A team of security researchers has detailed a second SMS-based attack that can allow malicious actors to track users’ devices by abusing little-known apps that are running on SIM cards.
This new attack, named WIBattack, is identical to Simjacker, an attack disclosed at the start of the month by mobile security firm AdaptiveMobile.
Both attacks work in the same way, and they grant access to similar commands, with the exception that they target different apps running on the SIM cards.
Mainly, Simjacker runs commands against the S@T Browser app, while WIBattack sends commands to the Wireless Internet Browser (WIB) app.
Both are Java applets that mobile telcos install on SIM cards they provide to their customers. The purpose of these apps is to allow remote management for customer devices and their mobile subscriptions.
In a report released earlier this month, AdaptiveMobile said it discovered that a “private company that works with governments” was using rogue commands sent to S@T Browser apps running on SIM cards to track individuals.
In a report published last weekend, security researchers from Ginno Security Labs said that the WIB app was also vulnerable to similar attacks, although they were not aware of any attacks.
In the case of both S@T and WIB apps, attackers can send a specially formatted binary SMS (called an OTA SMS) that will execute STK (SIM Toolkit) instructions on SIM cards on which telcos did not enable special security features.

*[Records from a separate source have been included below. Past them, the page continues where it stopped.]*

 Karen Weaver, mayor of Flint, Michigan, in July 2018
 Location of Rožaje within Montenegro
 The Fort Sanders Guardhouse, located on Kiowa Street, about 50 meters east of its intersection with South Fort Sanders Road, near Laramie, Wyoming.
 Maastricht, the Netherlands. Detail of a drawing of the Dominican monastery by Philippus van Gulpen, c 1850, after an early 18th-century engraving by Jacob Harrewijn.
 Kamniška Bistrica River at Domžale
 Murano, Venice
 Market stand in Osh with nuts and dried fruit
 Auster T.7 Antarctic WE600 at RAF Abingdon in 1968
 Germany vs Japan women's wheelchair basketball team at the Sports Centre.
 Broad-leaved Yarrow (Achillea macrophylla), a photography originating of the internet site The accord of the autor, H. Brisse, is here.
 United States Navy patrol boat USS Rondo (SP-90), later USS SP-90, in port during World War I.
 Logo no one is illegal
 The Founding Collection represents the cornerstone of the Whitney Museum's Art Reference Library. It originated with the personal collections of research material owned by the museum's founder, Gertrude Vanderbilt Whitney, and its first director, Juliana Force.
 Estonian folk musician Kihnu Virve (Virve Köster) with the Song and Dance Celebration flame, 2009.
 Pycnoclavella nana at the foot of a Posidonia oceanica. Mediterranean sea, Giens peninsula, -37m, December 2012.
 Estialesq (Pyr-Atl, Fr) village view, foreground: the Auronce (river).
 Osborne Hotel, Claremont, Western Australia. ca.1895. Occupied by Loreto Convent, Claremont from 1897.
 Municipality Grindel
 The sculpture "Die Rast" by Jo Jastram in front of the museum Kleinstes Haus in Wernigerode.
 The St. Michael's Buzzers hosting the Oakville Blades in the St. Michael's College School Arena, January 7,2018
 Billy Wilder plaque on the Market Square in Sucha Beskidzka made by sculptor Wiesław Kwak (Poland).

The commands supported on the WIB app are about the same ones supported by the S@T Browser, which are:
- Get location data
- Start call
- Send SMS
- Send SS requests
- Send USSD requests
- Launch internet browser with a specific URL
- Display text on the device
- Play a tone
Just like the Simjacker attack, Ginno Security Labs researchers say this attack vector can also be abused to track users. If used by a skilled attacker, they can allow a threat actor to track a victim’s location or start phone calls and listen to nearby conversations.
Image: Ginno Security Labs
Researchers said they discovered the WIBattack back in 2015 when they also found the Simjacker attack (which they called S@Tattack) but did no go pubic with their findings.
They estimated the number of devices running SIM cards with a WIB app at “hundreds of millions.”
Scary numbers don’t hold water
But the estimations that Simjacker and WIBattack impact hundreds of millions of SIM cards may not be accurate, according to a report ZDNet received this week from SRLabs.
The first is a desktop app that users can install and test their SIM cards for security flaws. The second is an Android app that runs on rooted devices with Qualcomm chipsets and which can test smartphones for various SIM, mobile network, and OS security flaws.
Researchers used telemetry from both apps to investigate the breadth of the Simjacker and WIBattack vulnerabilities.
In total, they received data from 800 SIM card tests via the SIMTest app, from all over the world. The results revealed that most mobile telcos don’t ship the S@T and WIB applets anymore.
- 9.4% of the tested SIMs have the S@T applet installed
- A subset of 5.6% are vulnerable to Simjacker, because their protection level was set to zero
- 10.7% have the WIB applet installed
- A subset of 3.5% are vulnerable to a Simjacker-style attack against the WIB applet
- In total, 9.1% of tested SIM cards were vulnerable to attacks against either S@T or WIB
Furthermore, data from more than 500,000 SnoopSnitch users revealed that only a very small number of users received OTA SMS messages, like the ones needed to exploit Simjacker and WIBattack.
- We received reports from 8 users about 29 OTA SMS targeting the S@T applet
- The first message was reported in 2016
- Most of the messages targeted users in Latin and South America
These results mean that most users today are safe from these threats, which confirms private conversations that this reporter had with mobile security experts, who said that only a handful of mobile providers across the world ship SIM cards with the two apps, mostly located in the MENA, Eastern Europe, and Latin America regions.
Not a dangerous attack, when compared to others
Users who are curious to see if their phones’ SIM card runs the S@T or WIB apps can install and run the SIMTest app.
But even if the two SIM card apps are installed, the SRLabs team said it does not automatically mean the SIM card is vulnerable. To be vulnerable and exploitable, attackers would need to have the ability to send OTA SMS messages to the two apps, something that telcos can block by enabling security features on the two SIM card apps.
Unless S@T and WIB have a minimum security level (MSL) index of 0, the innate security feature present in the two apps should prevent random strangers from sending binary OTA SMS messages that trigger hidden command executions.
Karsten Nohl, a security researcher with SRLabs, also called for calm in an interview with ZDNet this week.
“In the context of mobile network hacks, Simjacker would appear less attractive to criminals than SS7 attacks or social engineering such as SIM swapping,” he said.
“While SS7 hacks and SIM swaps are reported in large numbers, Simjacker attacks seem to appear only anecdotally in comparison.”
In other words, you’re more vulnerable to your mobile telco’s employees assiginign your phone number to a hacker, rather than being bombarded with shady OTA SMS messages.